Data extract:

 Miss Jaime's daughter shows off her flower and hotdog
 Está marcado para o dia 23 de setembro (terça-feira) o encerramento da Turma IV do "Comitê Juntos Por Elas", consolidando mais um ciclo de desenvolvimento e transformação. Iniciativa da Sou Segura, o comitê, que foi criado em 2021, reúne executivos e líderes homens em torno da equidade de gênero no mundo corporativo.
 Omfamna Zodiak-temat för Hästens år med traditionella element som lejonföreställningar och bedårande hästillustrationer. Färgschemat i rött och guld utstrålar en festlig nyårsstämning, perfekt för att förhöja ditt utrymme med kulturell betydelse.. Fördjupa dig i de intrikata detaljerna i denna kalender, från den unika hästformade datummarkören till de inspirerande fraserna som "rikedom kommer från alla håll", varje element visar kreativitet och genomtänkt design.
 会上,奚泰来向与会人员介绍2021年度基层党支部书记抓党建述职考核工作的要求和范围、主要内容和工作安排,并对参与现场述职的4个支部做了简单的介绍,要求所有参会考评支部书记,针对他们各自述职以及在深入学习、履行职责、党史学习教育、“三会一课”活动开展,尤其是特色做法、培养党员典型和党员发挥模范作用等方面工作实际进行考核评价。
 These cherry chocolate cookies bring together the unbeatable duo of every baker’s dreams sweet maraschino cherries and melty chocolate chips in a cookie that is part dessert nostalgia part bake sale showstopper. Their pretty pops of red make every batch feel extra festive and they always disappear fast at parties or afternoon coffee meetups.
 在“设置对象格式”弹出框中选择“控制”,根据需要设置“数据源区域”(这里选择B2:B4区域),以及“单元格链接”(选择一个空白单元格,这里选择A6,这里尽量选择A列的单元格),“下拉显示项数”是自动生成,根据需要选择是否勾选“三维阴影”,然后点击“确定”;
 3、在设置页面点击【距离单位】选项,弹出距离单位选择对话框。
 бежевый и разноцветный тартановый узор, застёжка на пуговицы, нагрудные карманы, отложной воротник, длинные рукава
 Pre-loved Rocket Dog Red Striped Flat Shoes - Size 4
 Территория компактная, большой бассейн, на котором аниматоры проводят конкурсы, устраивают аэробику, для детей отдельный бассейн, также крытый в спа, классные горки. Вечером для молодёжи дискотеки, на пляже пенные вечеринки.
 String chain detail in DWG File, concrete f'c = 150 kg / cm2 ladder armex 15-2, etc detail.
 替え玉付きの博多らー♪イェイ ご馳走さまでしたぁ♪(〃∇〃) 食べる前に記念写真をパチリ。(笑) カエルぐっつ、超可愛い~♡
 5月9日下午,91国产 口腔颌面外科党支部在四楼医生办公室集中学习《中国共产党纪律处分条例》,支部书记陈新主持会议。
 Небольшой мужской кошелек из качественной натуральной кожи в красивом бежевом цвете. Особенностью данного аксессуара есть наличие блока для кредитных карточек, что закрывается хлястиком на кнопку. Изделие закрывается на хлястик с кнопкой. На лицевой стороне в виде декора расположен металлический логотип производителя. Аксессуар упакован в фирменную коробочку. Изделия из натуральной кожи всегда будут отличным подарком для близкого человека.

Task statement: An exact copy is needed of the lines from the one containing "String chain detail" through the end of the records.

Output below:
 String chain detail in DWG File, concrete f'c = 150 kg / cm2 ladder armex 15-2, etc detail.
 替え玉付きの博多らー♪イェイ ご馳走さまでしたぁ♪(〃∇〃) 食べる前に記念写真をパチリ。(笑) カエルぐっつ、超可愛い~♡
 5月9日下午,91国产 口腔颌面外科党支部在四楼医生办公室集中学习《中国共产党纪律处分条例》,支部书记陈新主持会议。
 Небольшой мужской кошелек из качественной натуральной кожи в красивом бежевом цвете. Особенностью данного аксессуара есть наличие блока для кредитных карточек, что закрывается хлястиком на кнопку. Изделие закрывается на хлястик с кнопкой. На лицевой стороне в виде декора расположен металлический логотип производителя. Аксессуар упакован в фирменную коробочку. Изделия из натуральной кожи всегда будут отличным подарком для близкого человека.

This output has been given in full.